In the listing below, find the line that contains "Uiteraard Verpakt In" and the line that contains "your patriotic spirit". Quote both and every line between them, exactly, and nothing more.

**EXERCISE DATA:**
:::::

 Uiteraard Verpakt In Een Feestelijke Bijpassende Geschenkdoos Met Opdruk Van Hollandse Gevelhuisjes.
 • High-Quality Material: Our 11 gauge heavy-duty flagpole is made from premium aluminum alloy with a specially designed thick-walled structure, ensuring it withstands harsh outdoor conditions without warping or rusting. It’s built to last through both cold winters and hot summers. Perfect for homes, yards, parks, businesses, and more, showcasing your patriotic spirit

:::::

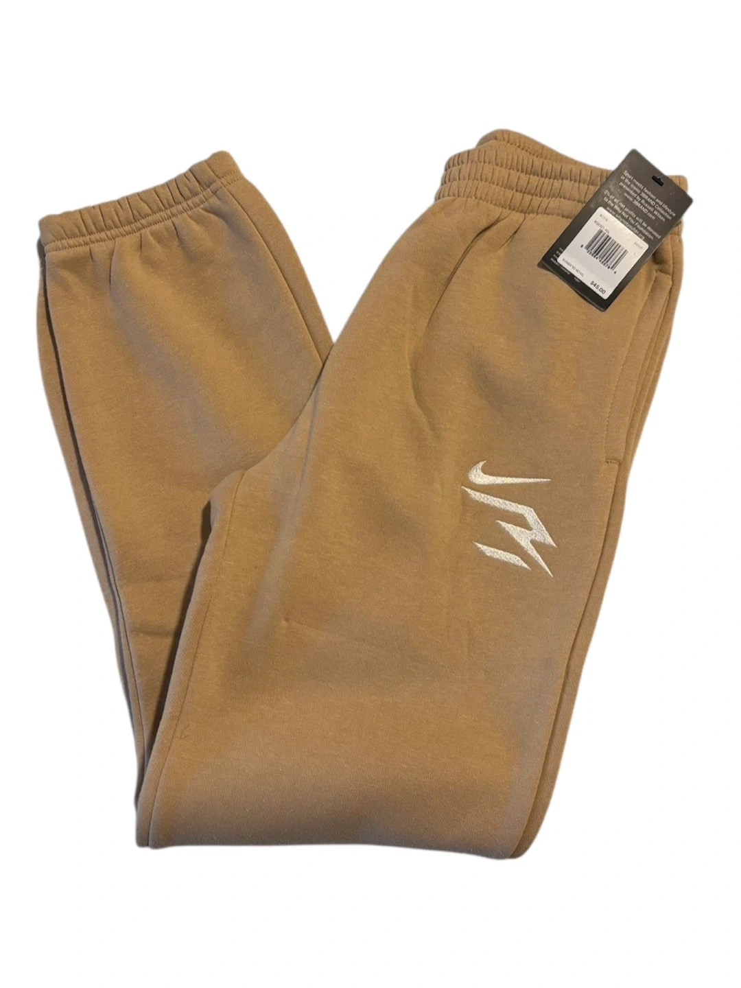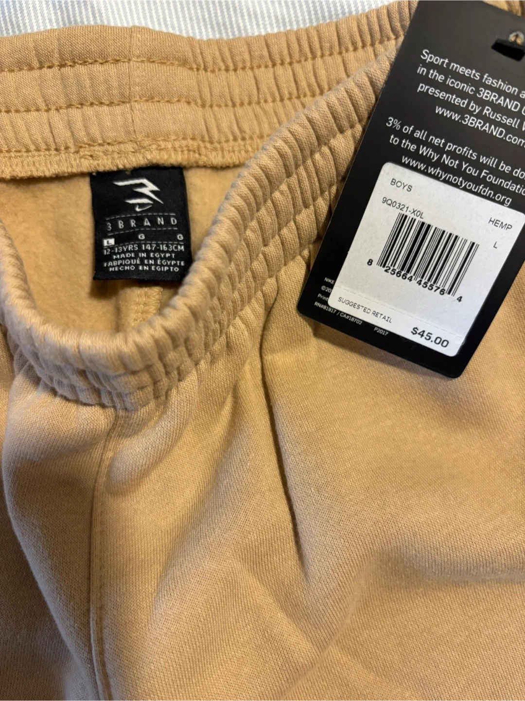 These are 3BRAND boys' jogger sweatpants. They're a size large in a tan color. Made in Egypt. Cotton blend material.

:::::

**REPLY TO THE TASK:**
 Uiteraard Verpakt In Een Feestelijke Bijpassende Geschenkdoos Met Opdruk Van Hollandse Gevelhuisjes.
 • High-Quality Material: Our 11 gauge heavy-duty flagpole is made from premium aluminum alloy with a specially designed thick-walled structure, ensuring it withstands harsh outdoor conditions without warping or rusting. It’s built to last through both cold winters and hot summers. Perfect for homes, yards, parks, businesses, and more, showcasing your patriotic spirit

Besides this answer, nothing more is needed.